WORK ORDER » Please repeat the entries exactly as they appear and omit any images.

LISTED RECORDS »
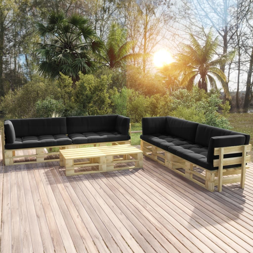 Opis produktu: Ten ogrodowy zestaw mebli wypoczynkowych z drewnianych palet stanowi znakomity wybór, aby się zrelaksować i nacieszyć dobrą pogodą albo zdrzemnąć lub porozmawiać z rodziną lub przyjaciółmi. Za sprawą ponadczasowej konstrukcji z palet ten ogrodowy komplet wniesie odrobinę rustykalnego uroku na Twoje patio, do ogrodu lub do salonu. Wykonany z impregnowanego drewna sosnowego zestaw mebli ogrodowych jest trwały i odporny na czynniki atmosferyczne. Charakteryzuje się solidną konstrukcją i łatwością utrzymania. Wraz z dołączonymi poduszkami zapewni najwyższy komfort Tobie i Twoim gościom. Uwaga: aby przedłużyć żywotność mebli ogrodowych, zalecamy zabezpieczenie ich wodoodpornym pokrowcem.
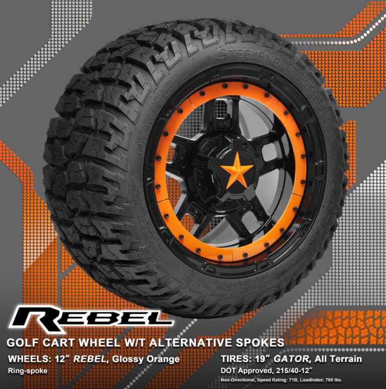 BNDL-TR1210-WH1251-WIRB20-LN0002 – SGC 12″ REBEL Glossy Black Wheel – Aluminum Alloy / STEELENG 215/40-12 GATOR Hybrid Low Profile / All Terrain Tire DOT Approved / REBEL Inserts-Ring-Glossy Orange
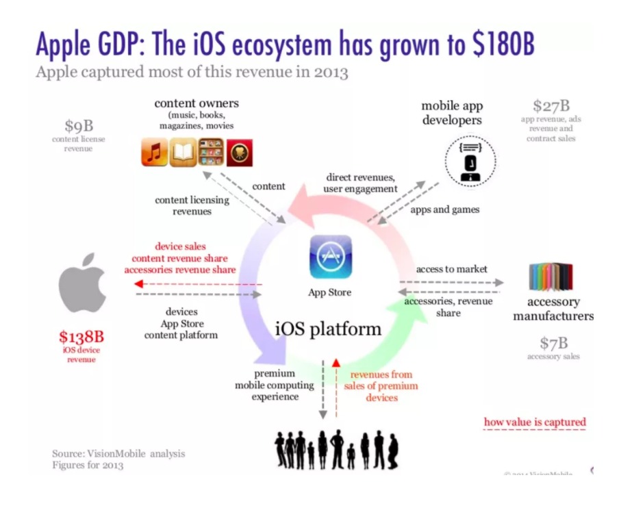 3. 苹果依赖高端市场。考虑到大多数 Apple 产品的高价标签,而且细分市场很少多样化,Apple严重依赖高端市场。这一职位引起了消费者的极大期望。市场需要感觉到它一直在为其辛苦赚来的现金提供最好的产品。苹果应用商店的平均消费者支出为每年 138 美元。 (What’s NextMedia and Analytics)
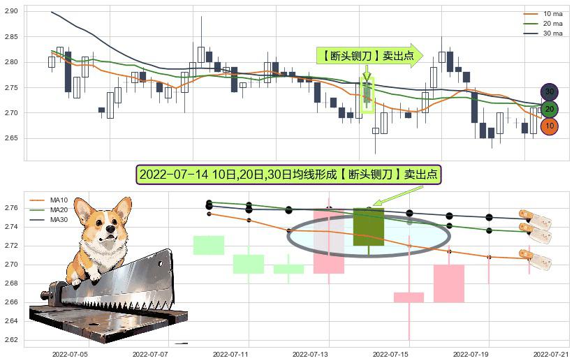 ⚀ 2022-07-14日显现 10日-20日-30日均线 【断头铡刀】卖出点 看空信号,后市看跌,卖出
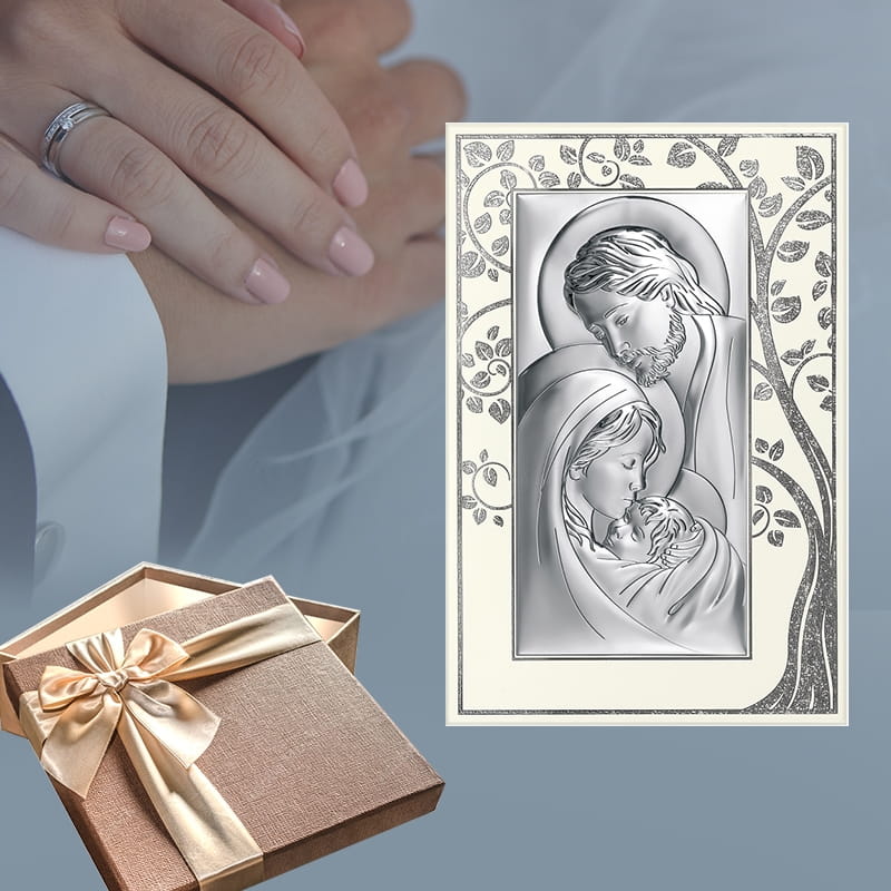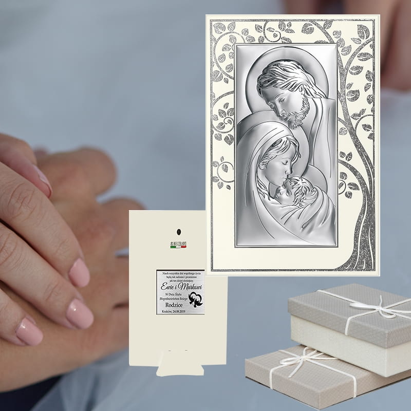 Obraz srebrny Święta Rodzina Prezent Ślub Komunia

RESULT OF THIS EXERCISE »
 Opis produktu: Ten ogrodowy zestaw mebli wypoczynkowych z drewnianych palet stanowi znakomity wybór, aby się zrelaksować i nacieszyć dobrą pogodą albo zdrzemnąć lub porozmawiać z rodziną lub przyjaciółmi. Za sprawą ponadczasowej konstrukcji z palet ten ogrodowy komplet wniesie odrobinę rustykalnego uroku na Twoje patio, do ogrodu lub do salonu. Wykonany z impregnowanego drewna sosnowego zestaw mebli ogrodowych jest trwały i odporny na czynniki atmosferyczne. Charakteryzuje się solidną konstrukcją i łatwością utrzymania. Wraz z dołączonymi poduszkami zapewni najwyższy komfort Tobie i Twoim gościom. Uwaga: aby przedłużyć żywotność mebli ogrodowych, zalecamy zabezpieczenie ich wodoodpornym pokrowcem.
 BNDL-TR1210-WH1251-WIRB20-LN0002 – SGC 12″ REBEL Glossy Black Wheel – Aluminum Alloy / STEELENG 215/40-12 GATOR Hybrid Low Profile / All Terrain Tire DOT Approved / REBEL Inserts-Ring-Glossy Orange
 3. 苹果依赖高端市场。考虑到大多数 Apple 产品的高价标签,而且细分市场很少多样化,Apple严重依赖高端市场。这一职位引起了消费者的极大期望。市场需要感觉到它一直在为其辛苦赚来的现金提供最好的产品。苹果应用商店的平均消费者支出为每年 138 美元。 (What’s NextMedia and Analytics)
 ⚀ 2022-07-14日显现 10日-20日-30日均线 【断头铡刀】卖出点 看空信号,后市看跌,卖出
 Obraz srebrny Święta Rodzina Prezent Ślub Komunia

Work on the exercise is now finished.